I hate to be a downer, but I think that this is probably California’s future, and this will mean that property insurance will be getting more and more expensive.

The National Weather Service for the Bay Area just posted this:

As the winds weaken aloft, gravity will take over as the primary vertical transport of the smoke.
Suspended smoke will descend closer to the surface and could lead to darker skies and worsening air quality today. This is beyond the scope of our models so we rely on your reports!

They sound so perky! (My cousin works there. I am long distance snarking a bit.)

Oh, that process is already well underway the last couple of years and you are correct it will only get worse. The condo I’m currently renting is in a complex of mostly owner-occupiers and backs up against a regional park/hill. Property insurance is getting harder to find, much more expensive and much more restrictive. Not only are HOA fees having to rise to compensate, but they’ve been forced to completely curtail former liberties like outdoor bbq to get approved.

I’m a fan of NWS Bay Area and was pretty much summarizing them :smile:. I read their forecast discussion for the Bay Area most days.

I just went out and snapped some pictures that clearly show the smoke layer, with a ribbon of clear sky below it. It’s actually quite cool and comfortable out that side. The front of my house, on the other hand, will undoubtedly see the Orc army passing through shortly.

Snarking aside, I hope everyone stays safe and well.

A reporter from the local public radio station explained why we’re seeing some conflicting air quality reports. Many air quality sensors are only calibrated to detect the smaller PM2.5 particles. The smoke from wildfires is mostly larger PM10 particles, which aren’t being picked up by the sensors. I assume this is why yesterday the weather app on my phone was reporting the air quality as “moderate” while at the same time the reporters on the radio were saying it was “hazardous”.

Fortunately for us this doesn’t seem to be happening right in the city where we live. However I expect property values to start taking a hit pretty soon (it hasn’t seem to have happened yet, all those oversees investors aren’t watching the local news).

Here’s an image I found of the smoke over Northern California. It’s essentially dark under a lot of that cover, with smoke as high as 50,000 feet into the atmosphere.

Thanks for that link. One of the tweets shows a shot of some site showing 8% of available sunlight at ground level. I believe it.

It F-ing sucks right now.
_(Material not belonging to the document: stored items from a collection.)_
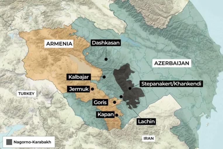 圖中深灰色部分為納卡地區 圖自半島電視台
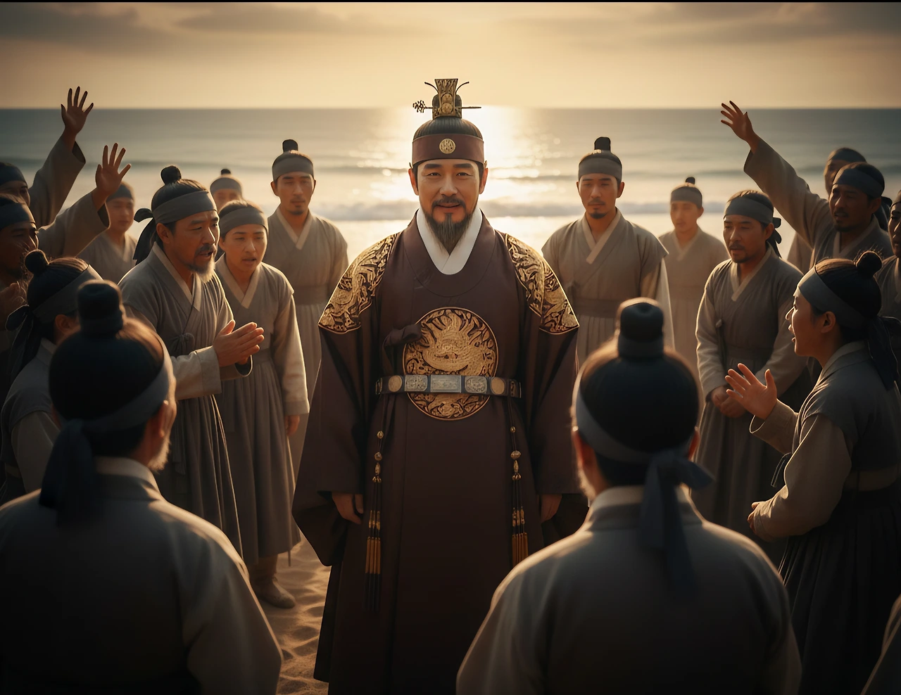 바로 그때, 단군왕검이 조용히 앞으로 나섰다. 그는 환호와 실망이 교차하는 백성들과 동요하는 신하들을 한 번에 아우르는 위엄 있는 시선으로 모두를 바라보았다.
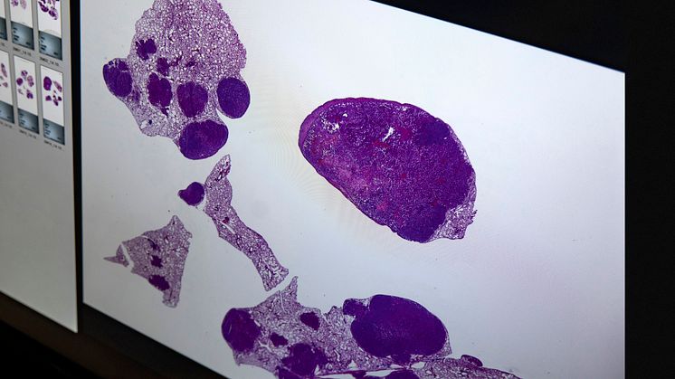 • Exempel på vävnadsprov fr olika delar av lunga m cancer de mörka partierna är tumörer.jpeg
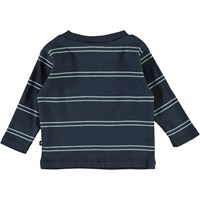 Elvo is a blue striped baby top with long sleeves.
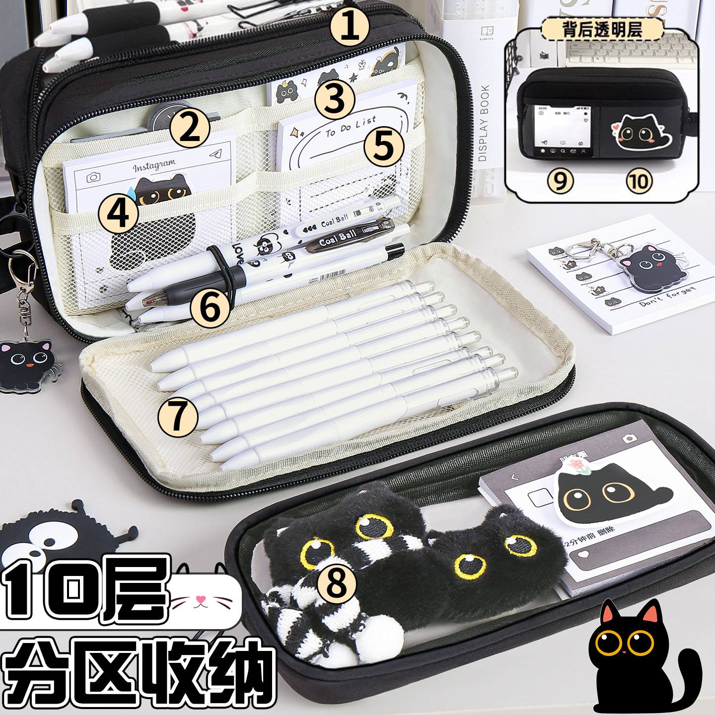 猫咪透明笔袋女生高颜值ins风二合一可拆卸痛包笔袋可放小卡大容量文具盒小学生初中生用简约耐脏铅笔袋
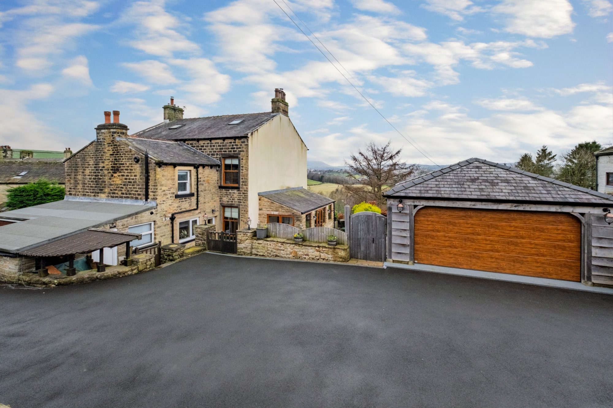 Externally, the property continues to impress. A substantial rear driveway provides ample parking for multiple vehicles and leads to a double garage. The garden can be accessed via three gated entrances, opening onto a large Yorkshire stone flagged patio with steps down to a well kept lawn. To the front, a charming stone archway and steps guide you towards the front lawn and entrance of this beautiful home. Beautifully maintained and superbly located, Pendle View combines character, modern comforts, and truly stunning surroundings. NO CHAIN INVOLVED.
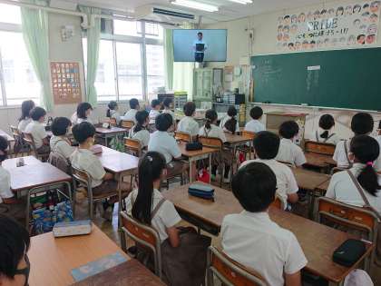 テレビ放送での終業式でした。夏休みは7月21日から8月24日までの35日間です。コロナ感染予防や熱中症対策をしっかり行うなど、健康に気をつけ長い休みを過ごしてほしいです。各教室、児童の聞く姿勢が素晴らしかったです。
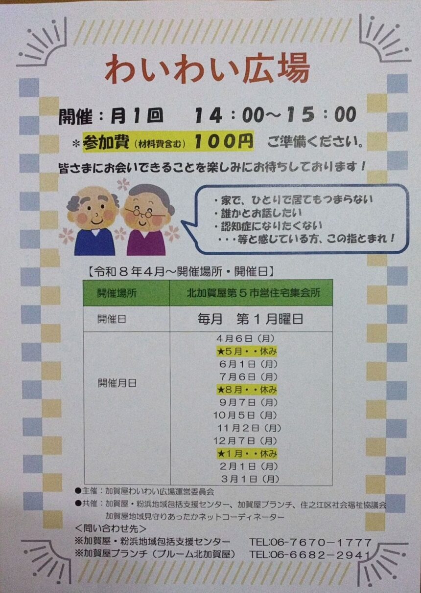 毎月第1月曜日に北加賀屋第5市営住宅集会所(北加賀屋東部福祉会館)にて

It’s been weeks since we had a clear day. Many of those days are unhealthy to even be outside. And it’s not like you can go anywhere to escape - the skys are smokey for 100+ miles in every direction, and if one area seems OK one hour, a couple hours later they are smothering.
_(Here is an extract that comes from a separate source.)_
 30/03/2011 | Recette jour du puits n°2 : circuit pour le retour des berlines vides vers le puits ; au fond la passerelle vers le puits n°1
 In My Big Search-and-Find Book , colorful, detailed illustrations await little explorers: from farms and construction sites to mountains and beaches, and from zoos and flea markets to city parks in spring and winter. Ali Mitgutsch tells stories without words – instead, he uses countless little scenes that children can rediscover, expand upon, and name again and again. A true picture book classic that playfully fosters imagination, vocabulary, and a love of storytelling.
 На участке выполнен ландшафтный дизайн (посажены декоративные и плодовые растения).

Add to all this the pandemic, heat wave, your scheduled power outage (due to high winds and fire danger from power lines), and we are just F-ing sucking right now. I HAD been medicating from the pandemic with outdoor exercise but now even that has been taken away.

There is a good website, purpleair.com, which gives information from privately owned air quality monitors as well as the official ones. The numbers I’m getting are ab out 97, which is better than a few days ago but which don’t reflect reality all that well.
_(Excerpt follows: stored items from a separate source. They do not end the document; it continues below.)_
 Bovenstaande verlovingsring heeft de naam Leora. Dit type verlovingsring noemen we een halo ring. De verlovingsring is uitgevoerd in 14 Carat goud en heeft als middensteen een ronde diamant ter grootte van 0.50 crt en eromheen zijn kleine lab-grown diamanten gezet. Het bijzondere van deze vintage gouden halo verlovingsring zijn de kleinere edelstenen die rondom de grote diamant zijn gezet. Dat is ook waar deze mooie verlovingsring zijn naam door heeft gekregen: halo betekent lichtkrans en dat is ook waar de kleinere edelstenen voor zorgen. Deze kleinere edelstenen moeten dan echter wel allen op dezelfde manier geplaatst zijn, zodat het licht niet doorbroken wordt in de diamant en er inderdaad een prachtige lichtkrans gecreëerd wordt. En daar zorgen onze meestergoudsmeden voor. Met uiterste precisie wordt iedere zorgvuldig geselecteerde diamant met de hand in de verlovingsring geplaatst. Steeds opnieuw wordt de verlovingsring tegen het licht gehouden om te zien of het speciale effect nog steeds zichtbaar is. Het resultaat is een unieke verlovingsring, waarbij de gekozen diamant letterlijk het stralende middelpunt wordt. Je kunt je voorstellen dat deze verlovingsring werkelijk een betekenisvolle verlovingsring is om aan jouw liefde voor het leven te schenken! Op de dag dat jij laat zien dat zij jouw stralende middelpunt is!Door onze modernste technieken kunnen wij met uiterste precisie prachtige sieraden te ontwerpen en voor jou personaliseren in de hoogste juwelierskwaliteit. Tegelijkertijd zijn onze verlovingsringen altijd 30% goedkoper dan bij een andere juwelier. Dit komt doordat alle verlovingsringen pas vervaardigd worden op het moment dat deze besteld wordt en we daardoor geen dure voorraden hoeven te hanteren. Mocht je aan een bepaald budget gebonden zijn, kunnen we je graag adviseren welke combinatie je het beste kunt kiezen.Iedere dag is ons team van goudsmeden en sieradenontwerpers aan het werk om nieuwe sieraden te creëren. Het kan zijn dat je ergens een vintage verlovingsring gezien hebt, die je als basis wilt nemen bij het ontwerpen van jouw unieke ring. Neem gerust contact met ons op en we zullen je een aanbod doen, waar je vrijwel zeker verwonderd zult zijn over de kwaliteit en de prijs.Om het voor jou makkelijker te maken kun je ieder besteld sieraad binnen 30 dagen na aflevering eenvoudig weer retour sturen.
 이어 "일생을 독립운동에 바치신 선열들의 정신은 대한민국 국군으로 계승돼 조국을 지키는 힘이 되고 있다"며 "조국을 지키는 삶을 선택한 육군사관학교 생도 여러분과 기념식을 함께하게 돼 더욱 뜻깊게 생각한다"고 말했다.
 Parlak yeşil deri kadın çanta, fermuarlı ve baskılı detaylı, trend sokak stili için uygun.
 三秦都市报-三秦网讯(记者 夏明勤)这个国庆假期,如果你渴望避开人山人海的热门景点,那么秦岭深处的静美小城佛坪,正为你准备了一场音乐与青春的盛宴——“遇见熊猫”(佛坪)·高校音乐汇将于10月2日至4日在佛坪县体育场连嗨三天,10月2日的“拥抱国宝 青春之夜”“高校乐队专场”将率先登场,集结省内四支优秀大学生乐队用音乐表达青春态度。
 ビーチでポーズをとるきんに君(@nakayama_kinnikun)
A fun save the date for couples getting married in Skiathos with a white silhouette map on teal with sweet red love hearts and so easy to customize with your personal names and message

One newscaster said that the sky looks like Mars. That’s exactly right. Someone could go out and film the Martian Chronicles without cgi.
I put my trash cans out last night, and when I brought them in they were covered by a layer of ash, as was my car. Pretty surreal out there now.

Be sure to adjust the map data layer conversion from “none” to “LRAPA.” The consumer-grade laser sensors Purple Air uses aren’t terribly good with smoke and tend to over-inflate the AQI unless you use that conversion to get it closer to reality. Also worth unchecking “indoor sensors” because those are pretty worthless for any use other than to the person who owns that home.

The governmental AirNow sensors are much more expensive, robust and accurate. But there are far fewer of them, they sample far less frequently and you only see a trailing average.

So PurpleAir is the best source for real time updates and is more granular, but you should take their exact numbers with a grain of salt. Best used more as a general trend ( getting worse/getting better and the general range of hazard ).